This answer shows that linear and polynomial function weights can be trained using this matrix operation:
$w = (X^TX)^{-1}X^Ty$
Therefore, algorithms such as gradient descent are not necessary for these functions. By my understanding, gradient descent for linear regression model finds perfect derivative for each weight so that cost function is minimal.
Before asking for connections between gradient descent and equation above, let's separate the equation in smaller steps:
$X = [1,2,3,4,5,6,7,8,9,10,11,12]$
$y=[2.3,2.33,2.29,2.3,2.36,2.4,2.46,2.5,2.48,2.43,2.38,2.35]$
Let's turn $X$ vector to matrix by adding column of 1's which will be used to train the bias value:
\begin{bmatrix} 1 & 1 \\ 2 & 1 \\ 3 & 1 \\ 4 & 1 \\ 5 & 1 \\ 6 & 1 \\ 7 & 1 \\ 8 & 1 \\ 9 & 1 \\ 10 & 1 \\ 11 & 1 \\ 12 & 1 \end{bmatrix}
Transpose: $X^T$:
\begin{bmatrix} 1 & 2 & 3 & 4 & 5 & 6 & 7 & 9 & 10 & 11 & 12 \\ 1 & 1 & 1 & 1 & 1 & 1 & 1 & 1 & 1 & 1 & 1 \end{bmatrix}
Matrix multiplication $X^TX$:
\begin{bmatrix} 650 & 78 \\ 78 & 12 \end{bmatrix}
Inverse matrix operation $(X^TX)^{-1}$:
\begin{bmatrix} 0.00699301 & -0.04545455 \\ -0.04545455 & 0.37878788 \end{bmatrix}
Matrix multiplication $(X^TX)^{-1}X^T$:
array([[-0.03846154, -0.03146853, -0.02447552, -0.01748252, -0.01048951, -0.0034965 , 0.0034965 , 0.01048951, 0.01748252, 0.02447552, 0.03146853, 0.03846154], [ 0.33333333, 0.28787879, 0.24242424, 0.1969697 , 0.15151515, 0.10606061, 0.06060606, 0.01515152, -0.03030303, -0.07575758, -0.12121212, -0.16666667]])

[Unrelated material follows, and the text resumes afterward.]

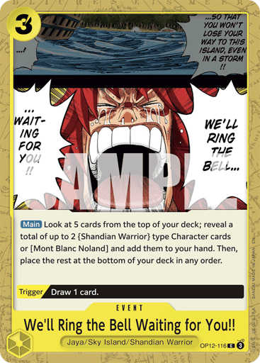 [Main] Look at 5 cards from the top of your deck; reveal a total of up to 2 {Shandian Warrior} type Character cards or [Mont Blanc Noland] and add them to your hand. Then, place the rest at the bottom of your deck in any order. [Trigger] Draw 1 card.

Matrix vector multiplication $(X^TX)^{-1}X^Ty$:
\begin{bmatrix} 0.01174825 & 2.30530303 \end{bmatrix}
This seems to be the perfect slope for minimizing cost. But I'm unable to understand how does it exactly work.
It seems like that the algorithm such as gradient descent would've took extremely large amount of iterations to estimate perfect slope and bias value.
How/why does this equation exactly work? Is it somehow related to differentiation? Could it be compared to algorithms such as gradient descent? If so, how? Is it possible to use this equation with sigmoid functions?